Белла едва удерживается, чтобы не зашипеть на ноющую сестру. Джи, в конце концов, имеет право ныть и плакаться, это ЕЁ свадьбу перенесли на несколько недель, это ЕЁ жених сейчас готовится к встрече с пиратами, это ЕЁ Зейн может не вернуться. Белла показывать эмоций не может, чтобы отношения с Анваром не раскрыть, и внутри у неё все кипит. Джи впитала материнскую натуру так же, как переняла её внешность, тогда как у Беллы и её брата испанские страсти в крови, и любят они друг друга так же яростно и самозабвенно, утопая в отражениях друг друга.

— Не волнуйся, — она гладит Джелену по волосам, натягивает ободряющую улыбку. — Твой Зейн однажды от пиратов живым ушел, и теперь снова уйдет.

Джелена утыкается лбом в её плечо и всхлипывает, и Белла хочет крикнуть: дура ты, сестренка, дура, твой Зейн — пират, и всегда им будет, а вовсе не солдат, отправленный к ним на корабль!
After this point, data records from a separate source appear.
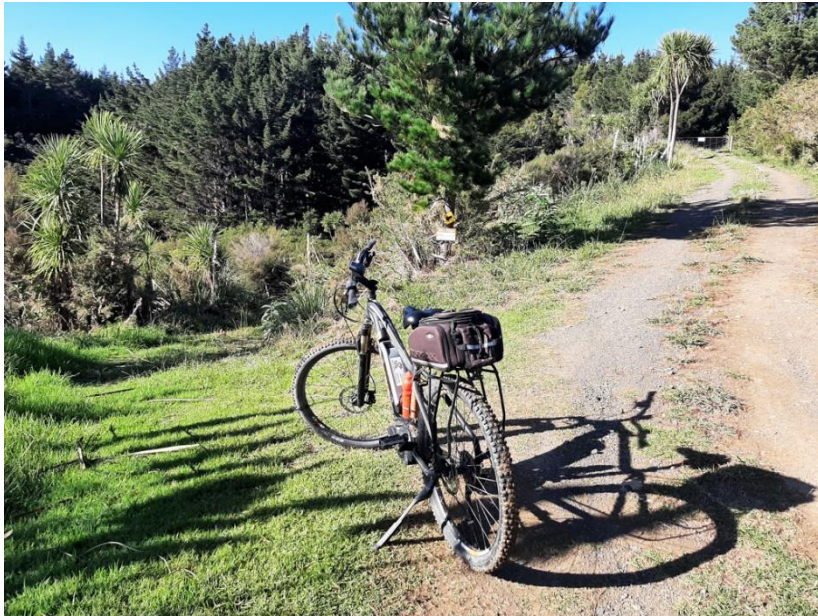
PHOTO NO 3: AT THE SUMMIT - DRIVEWAY TURNS SHARP RIGHT TOWARDS GATE – PRIVATE PROPERTY NO ACCESS.

TAKE NARROW TRACK ON THE OTHER SIDE OF THE WALKING ACCESS SIGN.
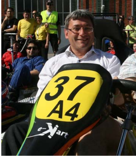
The nassau panel

The kart will wear his number legibly on the front panel nostril on the two sides and rear. The kart number is the number of the team, 37H, for example, if there is only one kart. It is followed by a number if there are several karts in the team: 37H1 and 37H2.
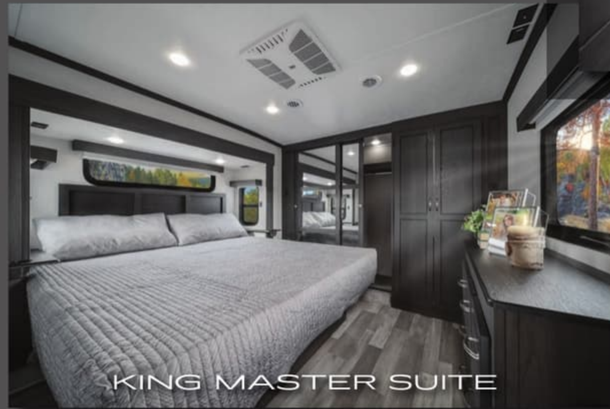
KING MASTER SUITE
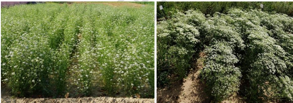
Fig. 2. Line sowing in Ajwain

Comment [U1]: Enlarge the figure to make it sharper
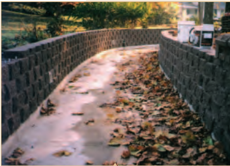
Keystone was chosen for a drainage ditch improvement project by the City of Manassas, Virginia.
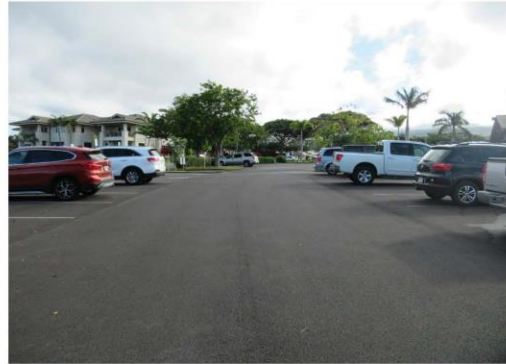
4. Looking east towards the mountain from within the Wailea Tennis Club Parking Lot. AC Hotel by Marriott (right) and Building D of the Wailea Town Center (left).
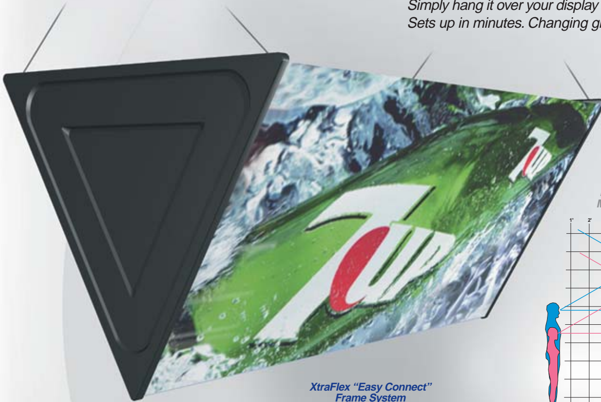
XtraFlex "Easy Connect" Frame System

Don't be shy with your brand or message. The EZ View system takes advantage of a customer's natural sight lines. No more straining or craning for your brand to be seen. Best of all, the EZ View requires no floor space! Simply hang it over your display or aisle for best results. Sets up in minutes. Changing graphics is easy.
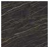
KM07 matt Portoro

Он врет тебе в лицо, обманывает, а ты готова верить, потому что влюблена! Но даже не любишь.

Белла уверена, что Джи не любит этого своего Зейна, невозможно любить человека, которого толком не знаешь. Любить означает знать, чувствовать, понимать, быть отражением друг друга. Быть единым целым, хотя это звучит глупо, как в театральных пьесах, что, говорят, в Англии так популярны. Анвар с Беллой с самого детства, никого ближе у неё не было и не будет, никто её так не понимает и не принимает. Зейн влюбил в себя Джелену за пару встреч на званых вечерах — но если она не знает, что Малик был подельником Стайлса, что вообще она знает?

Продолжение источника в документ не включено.